[Required work]
Your copy should hold the lines below from the first through the one that contains "This Phalaenopsis hybrid", each retyped exactly, and no pictures.

[Extracted information]
┏━━

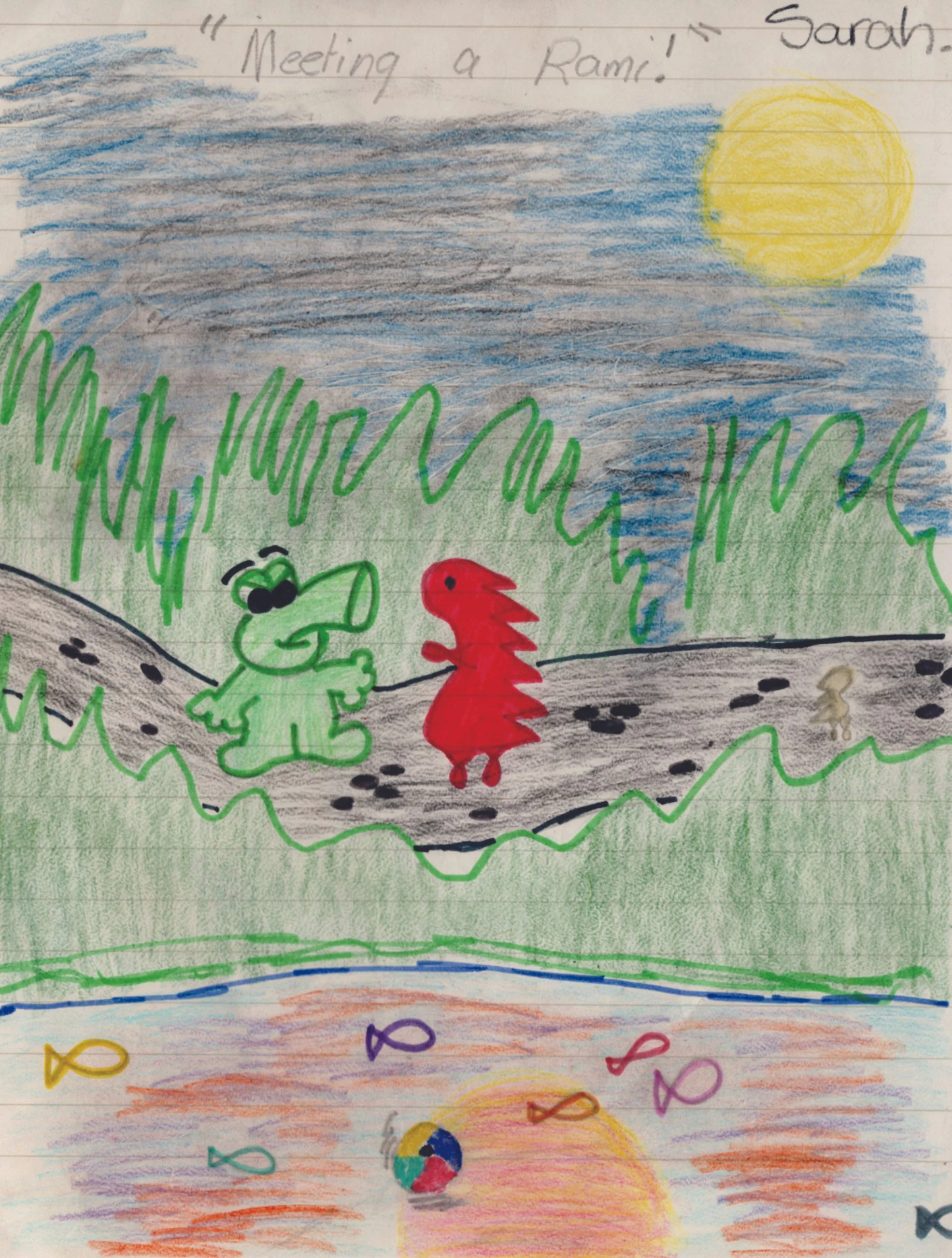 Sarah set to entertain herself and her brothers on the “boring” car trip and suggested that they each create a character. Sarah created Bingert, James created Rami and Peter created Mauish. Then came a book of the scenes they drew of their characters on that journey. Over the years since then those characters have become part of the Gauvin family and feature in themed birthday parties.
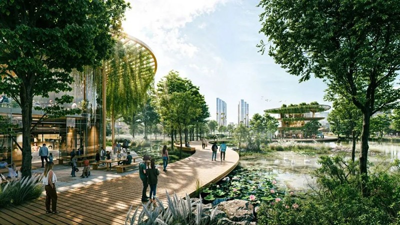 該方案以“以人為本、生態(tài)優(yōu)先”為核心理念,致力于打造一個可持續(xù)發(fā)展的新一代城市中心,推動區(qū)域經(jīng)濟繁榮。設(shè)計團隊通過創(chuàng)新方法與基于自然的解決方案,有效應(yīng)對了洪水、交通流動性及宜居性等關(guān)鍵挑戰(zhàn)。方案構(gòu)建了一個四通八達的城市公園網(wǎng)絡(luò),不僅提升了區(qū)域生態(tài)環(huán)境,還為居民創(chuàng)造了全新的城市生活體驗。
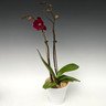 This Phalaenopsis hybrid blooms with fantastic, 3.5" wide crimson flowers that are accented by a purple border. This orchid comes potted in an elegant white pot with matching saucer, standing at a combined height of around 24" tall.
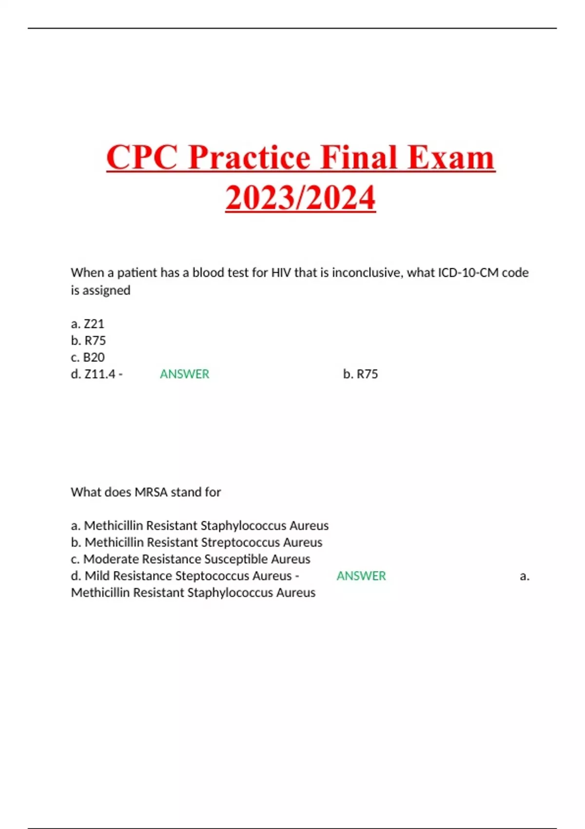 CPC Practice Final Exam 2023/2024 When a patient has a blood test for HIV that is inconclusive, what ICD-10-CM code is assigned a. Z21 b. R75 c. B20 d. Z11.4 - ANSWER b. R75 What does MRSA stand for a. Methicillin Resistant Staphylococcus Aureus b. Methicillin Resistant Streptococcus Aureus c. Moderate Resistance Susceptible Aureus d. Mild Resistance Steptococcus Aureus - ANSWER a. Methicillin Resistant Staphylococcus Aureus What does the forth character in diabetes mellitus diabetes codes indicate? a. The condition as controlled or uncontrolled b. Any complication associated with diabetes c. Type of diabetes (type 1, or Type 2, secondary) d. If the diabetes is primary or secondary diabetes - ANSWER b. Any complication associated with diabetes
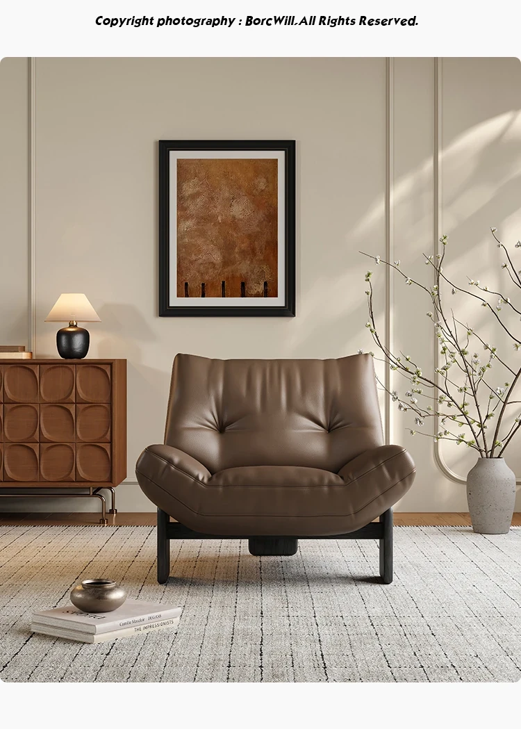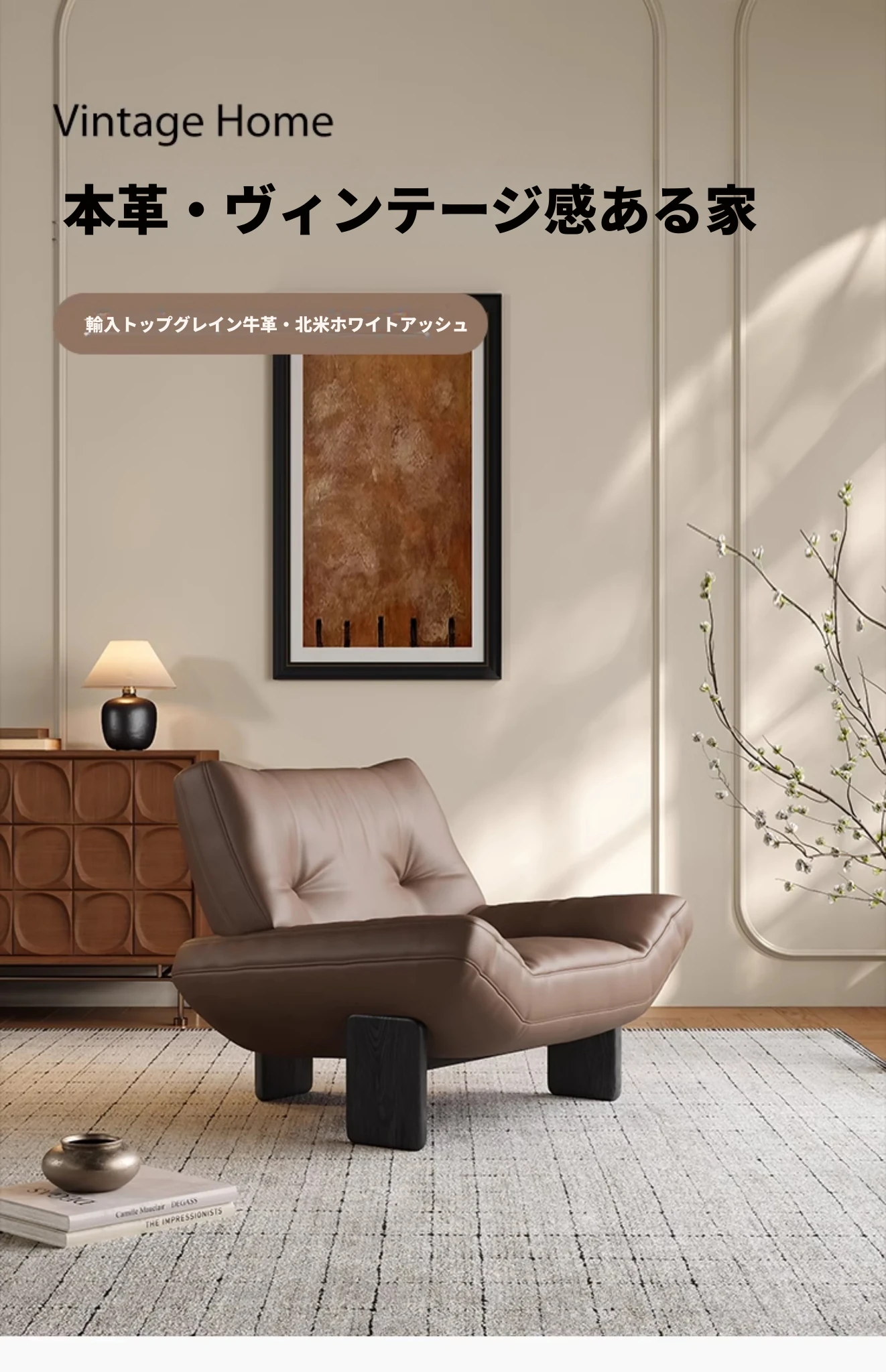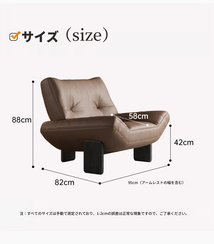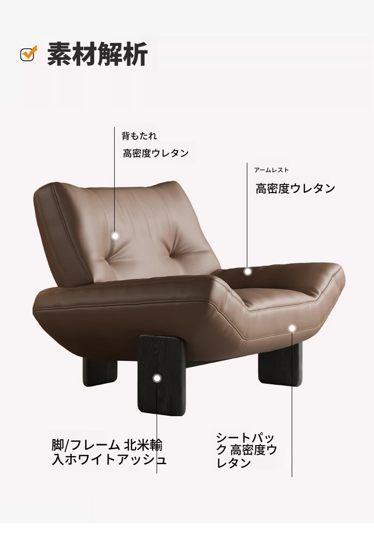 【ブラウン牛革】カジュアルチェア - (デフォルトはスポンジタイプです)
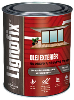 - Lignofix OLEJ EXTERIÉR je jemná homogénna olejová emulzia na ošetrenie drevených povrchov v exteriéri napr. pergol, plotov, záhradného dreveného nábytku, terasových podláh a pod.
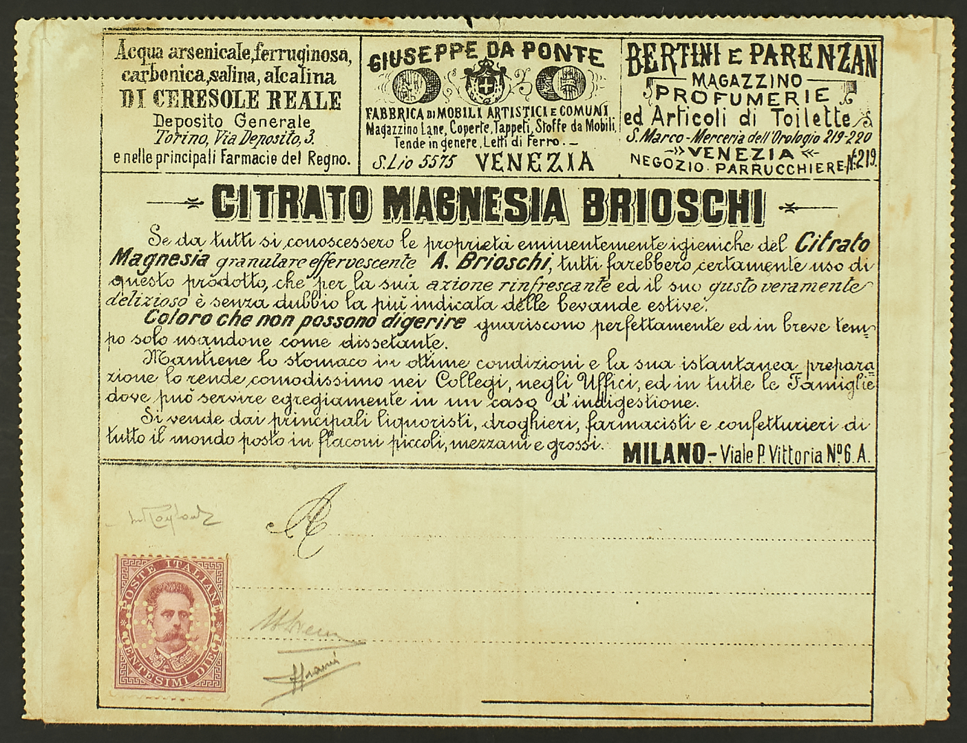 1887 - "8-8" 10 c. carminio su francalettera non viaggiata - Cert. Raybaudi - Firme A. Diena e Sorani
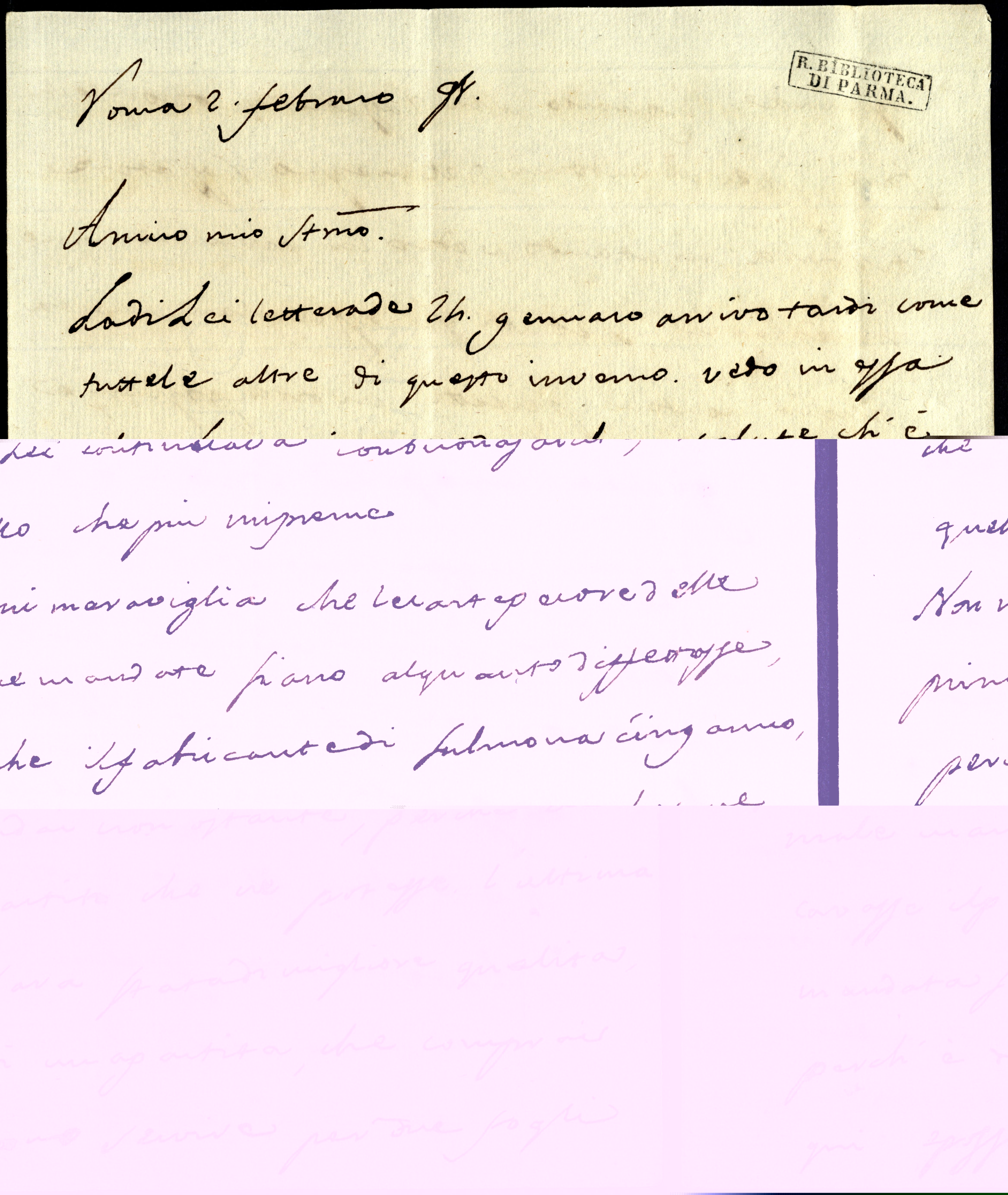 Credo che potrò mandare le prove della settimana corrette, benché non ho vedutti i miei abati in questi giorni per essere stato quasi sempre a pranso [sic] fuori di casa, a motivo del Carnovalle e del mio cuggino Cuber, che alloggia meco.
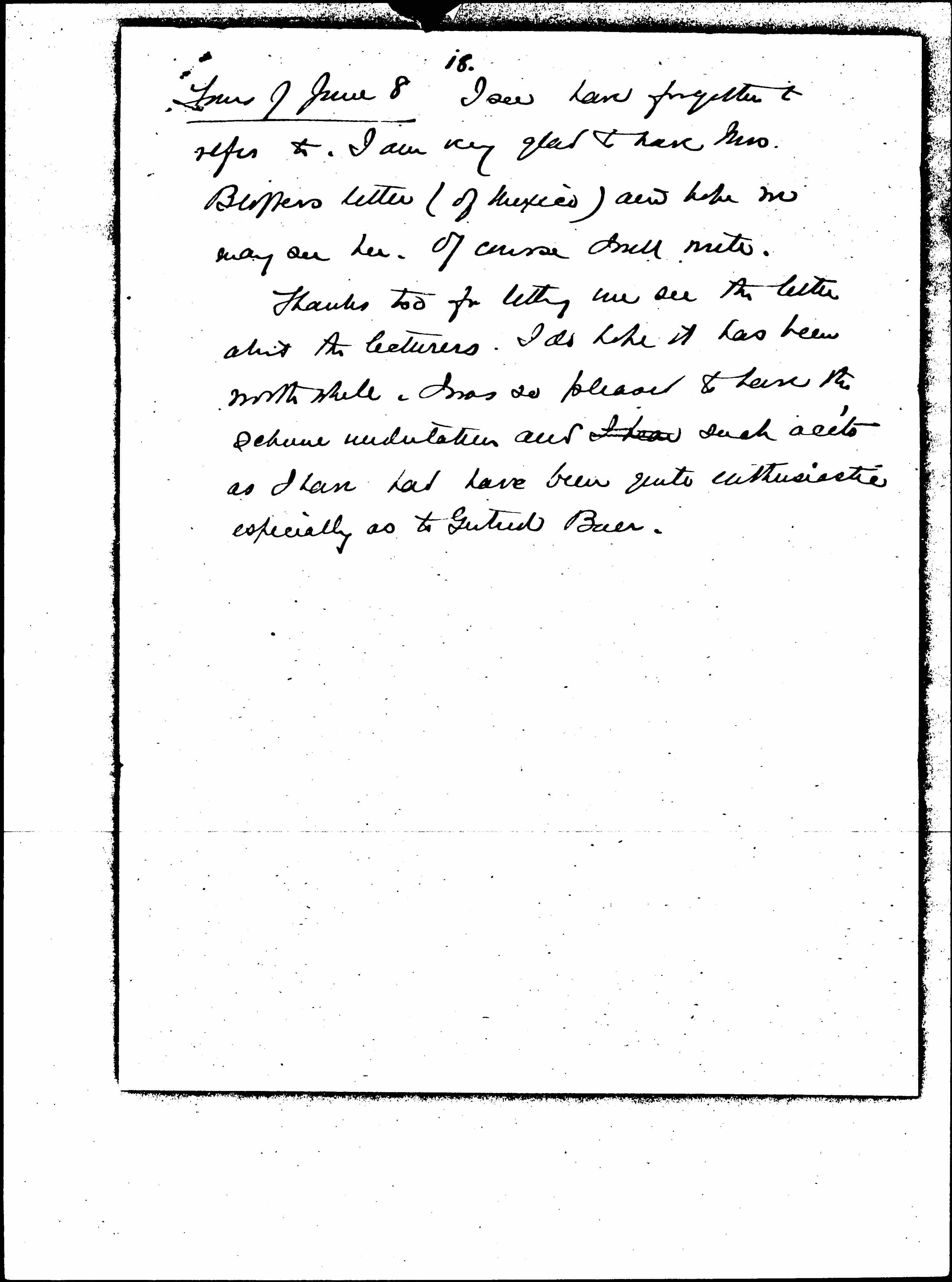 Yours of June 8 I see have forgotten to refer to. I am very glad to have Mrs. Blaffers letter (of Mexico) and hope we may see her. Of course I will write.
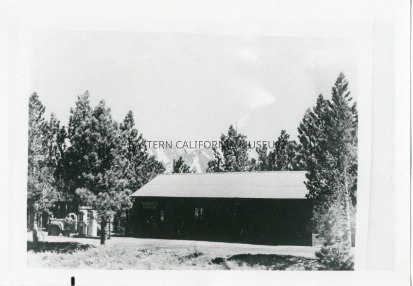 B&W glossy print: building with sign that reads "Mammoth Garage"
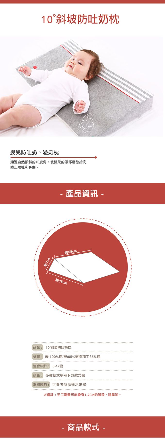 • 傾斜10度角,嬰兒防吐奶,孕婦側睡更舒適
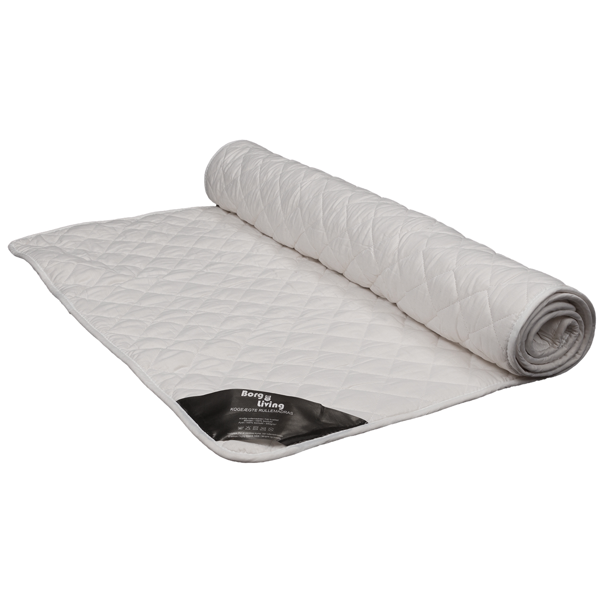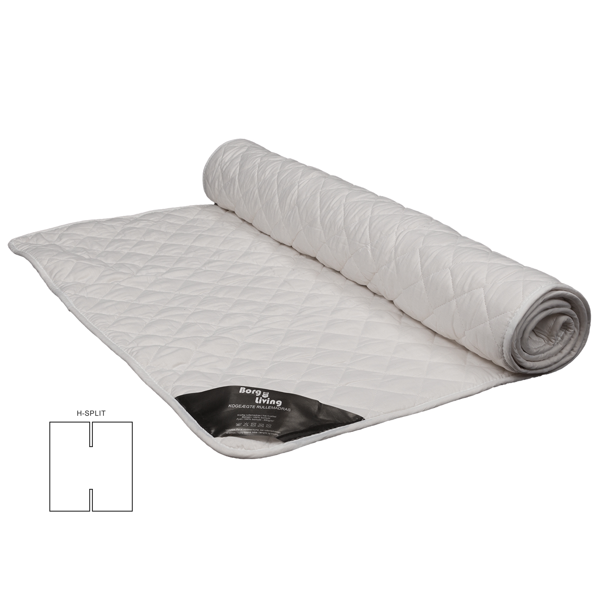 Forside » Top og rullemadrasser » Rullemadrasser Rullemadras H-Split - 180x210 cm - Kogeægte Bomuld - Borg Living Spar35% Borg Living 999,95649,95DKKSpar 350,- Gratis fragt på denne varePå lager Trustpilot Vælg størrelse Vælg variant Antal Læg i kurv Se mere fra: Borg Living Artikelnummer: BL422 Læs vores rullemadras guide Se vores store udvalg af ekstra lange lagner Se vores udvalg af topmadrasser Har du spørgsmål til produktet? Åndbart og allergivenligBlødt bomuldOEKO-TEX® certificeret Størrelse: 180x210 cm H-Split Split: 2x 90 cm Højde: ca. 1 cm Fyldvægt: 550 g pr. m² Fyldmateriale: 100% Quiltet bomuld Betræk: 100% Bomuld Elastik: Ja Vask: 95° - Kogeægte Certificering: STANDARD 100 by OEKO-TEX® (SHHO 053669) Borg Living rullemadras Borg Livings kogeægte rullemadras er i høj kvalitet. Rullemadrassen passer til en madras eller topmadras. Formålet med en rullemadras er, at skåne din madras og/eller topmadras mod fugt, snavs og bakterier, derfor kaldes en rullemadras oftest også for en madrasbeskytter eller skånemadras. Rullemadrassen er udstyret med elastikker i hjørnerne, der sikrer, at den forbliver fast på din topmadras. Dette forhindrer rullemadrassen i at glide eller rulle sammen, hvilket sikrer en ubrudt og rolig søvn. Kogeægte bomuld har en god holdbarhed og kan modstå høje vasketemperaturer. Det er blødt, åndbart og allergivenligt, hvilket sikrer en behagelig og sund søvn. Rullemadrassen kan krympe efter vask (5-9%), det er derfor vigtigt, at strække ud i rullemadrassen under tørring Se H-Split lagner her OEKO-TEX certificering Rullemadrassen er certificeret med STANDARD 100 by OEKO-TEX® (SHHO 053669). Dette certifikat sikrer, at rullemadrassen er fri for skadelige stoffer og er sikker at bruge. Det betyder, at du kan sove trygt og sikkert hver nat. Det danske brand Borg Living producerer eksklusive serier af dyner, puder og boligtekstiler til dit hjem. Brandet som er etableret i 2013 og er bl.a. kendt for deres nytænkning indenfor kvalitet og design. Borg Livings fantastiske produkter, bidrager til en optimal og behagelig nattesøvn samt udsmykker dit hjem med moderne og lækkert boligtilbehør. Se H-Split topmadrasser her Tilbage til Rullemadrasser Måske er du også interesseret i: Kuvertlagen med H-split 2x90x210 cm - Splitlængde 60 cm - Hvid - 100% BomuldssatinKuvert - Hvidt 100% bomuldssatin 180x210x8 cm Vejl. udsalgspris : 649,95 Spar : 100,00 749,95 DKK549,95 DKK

┗━━

[Result]
 Sarah set to entertain herself and her brothers on the “boring” car trip and suggested that they each create a character. Sarah created Bingert, James created Rami and Peter created Mauish. Then came a book of the scenes they drew of their characters on that journey. Over the years since then those characters have become part of the Gauvin family and feature in themed birthday parties.
 該方案以“以人為本、生態(tài)優(yōu)先”為核心理念,致力于打造一個可持續(xù)發(fā)展的新一代城市中心,推動區(qū)域經(jīng)濟繁榮。設(shè)計團隊通過創(chuàng)新方法與基于自然的解決方案,有效應(yīng)對了洪水、交通流動性及宜居性等關(guān)鍵挑戰(zhàn)。方案構(gòu)建了一個四通八達的城市公園網(wǎng)絡(luò),不僅提升了區(qū)域生態(tài)環(huán)境,還為居民創(chuàng)造了全新的城市生活體驗。
 This Phalaenopsis hybrid blooms with fantastic, 3.5" wide crimson flowers that are accented by a purple border. This orchid comes potted in an elegant white pot with matching saucer, standing at a combined height of around 24" tall.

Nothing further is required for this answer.